### YOUR OBJECTIVE
What should come back is the data below, word for word, minus any picture.

### DATA EXTRACT

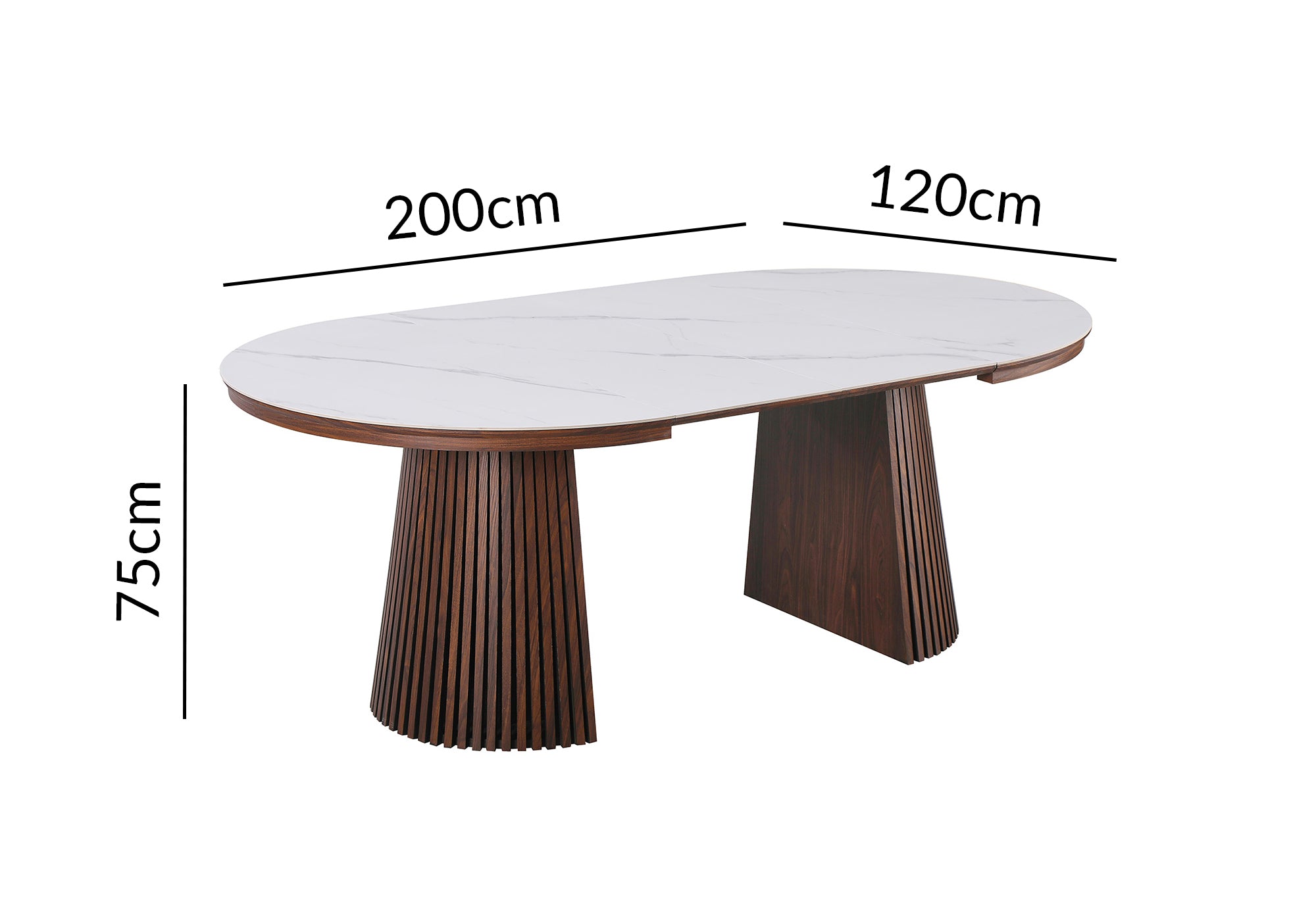 Tavolo da pranzo rotondo allungabile in legno scuro con piano in ceramica bianca HEKA
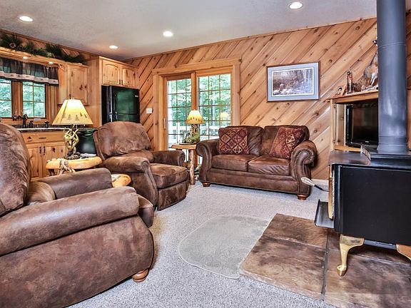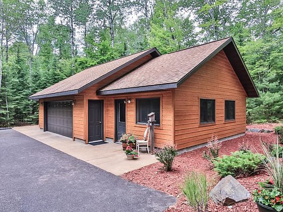 Beautiful home, gorgeous landscaping, enormous garage... What more could you ask for? This QUALITY off water home just outside of Eagle River is up for the taking & priced to sell. Sitting on just over 3.5 acres this property is extensively landscaped w/numerous walking trails running through wooded parcel. The superior craftsmanship of the home is apparent from every room, it is approx.. 1,472 finished sq. ft. w/a 660 sq. ft. unfinished basement. 2 Bds & 1 BA are located on the main floor, as is the open concept kitchen/living room boasting a toasty wood stove & a walkout patio. Now the part the men are interested in- the garage. The 3 car detached garage has a heated workshop portion & there is a water spout going into the 2- car portion where there is an upper level for additional storage. The 3rd stall is where one can park your motorized toys. Other notables are the circular black top driveway, woodshed, & storage shed. Close to chain and many lakes and snowmobile trail.
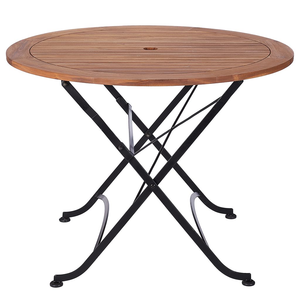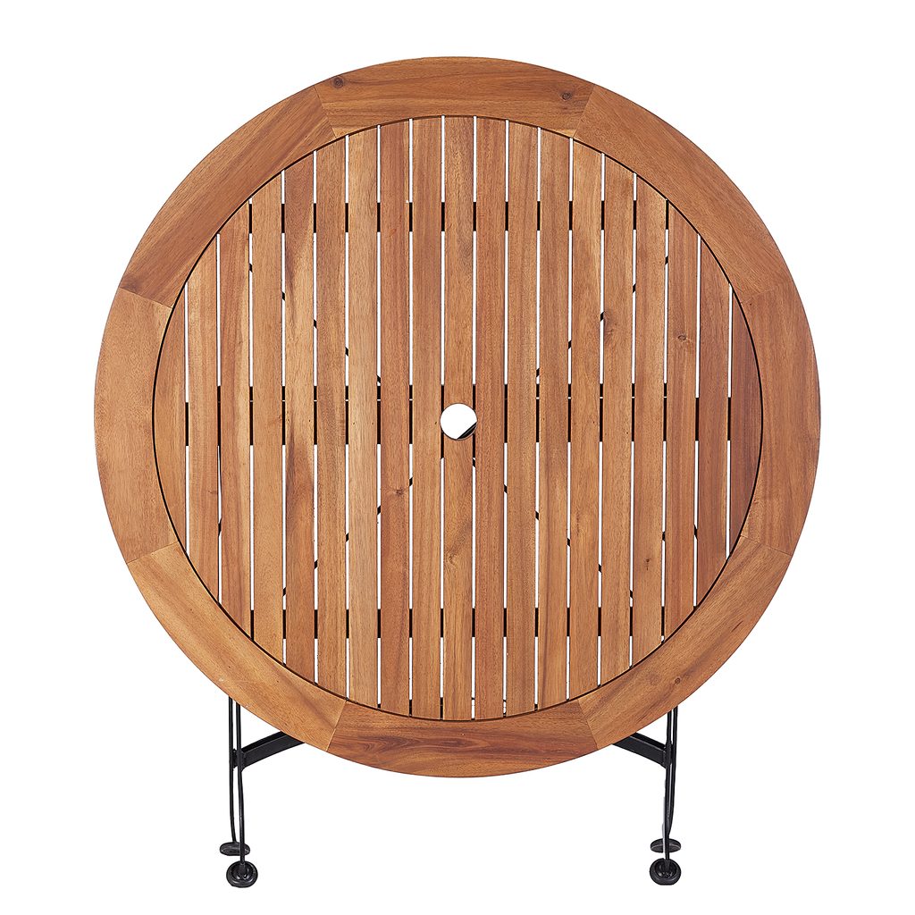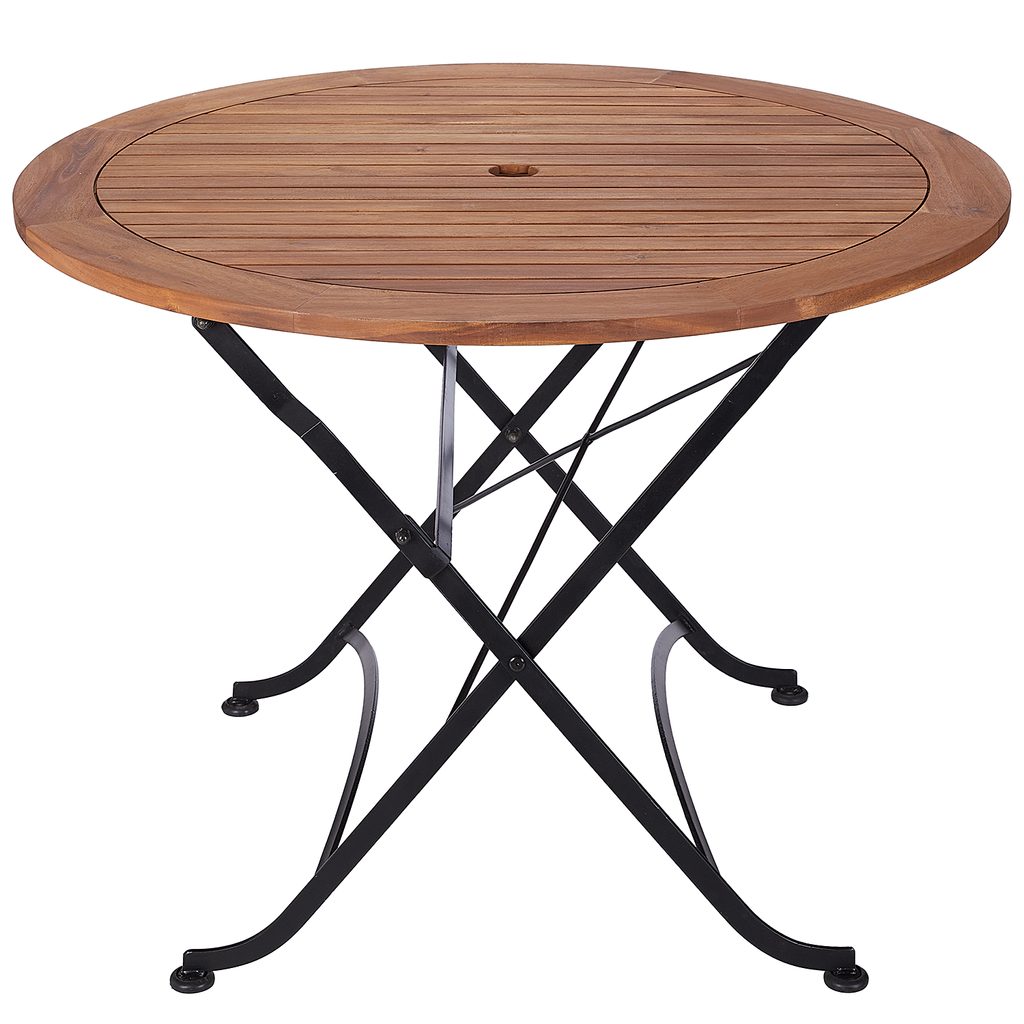 összecsukható kerti asztal, natúr-fekete Ø100 cm

### TASK OUTPUT
 Tavolo da pranzo rotondo allungabile in legno scuro con piano in ceramica bianca HEKA
 Beautiful home, gorgeous landscaping, enormous garage... What more could you ask for? This QUALITY off water home just outside of Eagle River is up for the taking & priced to sell. Sitting on just over 3.5 acres this property is extensively landscaped w/numerous walking trails running through wooded parcel. The superior craftsmanship of the home is apparent from every room, it is approx.. 1,472 finished sq. ft. w/a 660 sq. ft. unfinished basement. 2 Bds & 1 BA are located on the main floor, as is the open concept kitchen/living room boasting a toasty wood stove & a walkout patio. Now the part the men are interested in- the garage. The 3 car detached garage has a heated workshop portion & there is a water spout going into the 2- car portion where there is an upper level for additional storage. The 3rd stall is where one can park your motorized toys. Other notables are the circular black top driveway, woodshed, & storage shed. Close to chain and many lakes and snowmobile trail.
 összecsukható kerti asztal, natúr-fekete Ø100 cm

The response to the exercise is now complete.